Inhibits commits with bad messages from getting merged

platisd, updated 🕥 2022-01-22 11:27:03

Bad Commit Message Blocker Build Status

A simple script, doing some natural language processing, to inhibit git commits with bad messages from getting merged.

screenshot

What?

A Python3 script, easy to integrate with various CI machinery (e.g. see GitHub Actions example) that is meant to keep bad commit messages out of a project. It verifies whether the seven rules of a great Git commit message by Chris Beams, are being followed:

  1. Separate subject from body with a blank line
  2. Limit the subject line to 50 characters
  3. Capitalize the subject line
  4. Do not end the subject line with a period
  5. Use the imperative mood in the subject line
  6. Wrap the body at 72 characters
  7. Use the body to explain what and why vs. how

Why?

The more a project grows in contributors and size, the more important the quality of its commit messages becomes.

It is ultimately hard to quantify what makes a good commit message. However, we can easily determine automatically whether it adheres to most of the git commit message best practices. Having a script to automatically verify that, aside of other rules that you might already enforce (e.g. checking whether a task or a requirement is referenced) can save a lot of time in the long run as well as even avoid conflicts between the reviewer(s) and the reviewee.

After adopting this script, what you get is a set of best practices, agreed upon by the project and automatically applied. This way, everyone has to follow them or CI will not allow that commit in. Simple as that! :innocent:

How?

Most of the rules are trivial to implement in code, except two of them, no. 5 and no. 7. Specifically, checking whether the commit subject begins with imperative mood is tricky due to limitations of the Natural Language Processing libraries being utilized. You can read more about the constraints here. Essentially, it boils down to the lack of many imperative sentences existing in the datasets used when training the relevant statistical models. Subsequently, the enforcement of this rule might produce some false positive and false negative errors.

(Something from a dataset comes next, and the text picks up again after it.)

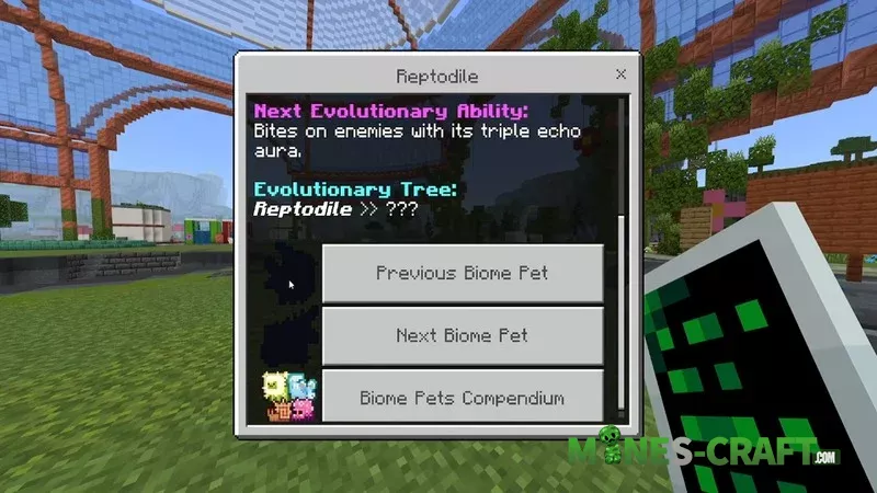 All biome pet forms are now unique mobs and no longer share the same names. Previously, even evolved forms had the same names as their base forms, but now each stage has its own identity. For example, the ecodile now starts as a repadile and only evolves later. All evolutions must be unlocked separately by exploring different biomes, including the Nether and the End.

On the other hand, verifying whether the commit body actually explains what and why instead of how is not (?) possible, due to the subjective nature of the problem. All in all, in most cases, this is all the reviewers would have to do themselves manually, to ensure the quality of a commit message.

Get started

You need to have Python3 installed and follow the steps bellow: * Install TextBlob * pip3 install --user textblob * Install NLTK corpora * python3 -m textblob.download_corpora * Run the script to verify a commit message * python3 bad_commit_message_blocker.py --message "Add a really cool feature" * To define your own maximum character limits, call the script with the appropriate arguments: * --subject-limit (defaults to 50) to set the subject line limit. E.g.: * python3 bad_commit_message_blocker.py --subject-limit 80 --message "Add a really cool feature" * --body-limit (defaults to 72) to set the body line limit. E.g.: * python3 bad_commit_message_blocker.py --body-limit 120 --message "Add a really cool feature"

GitHub Action

Now you can use this script as part of your GitHub Actions CI pipeline.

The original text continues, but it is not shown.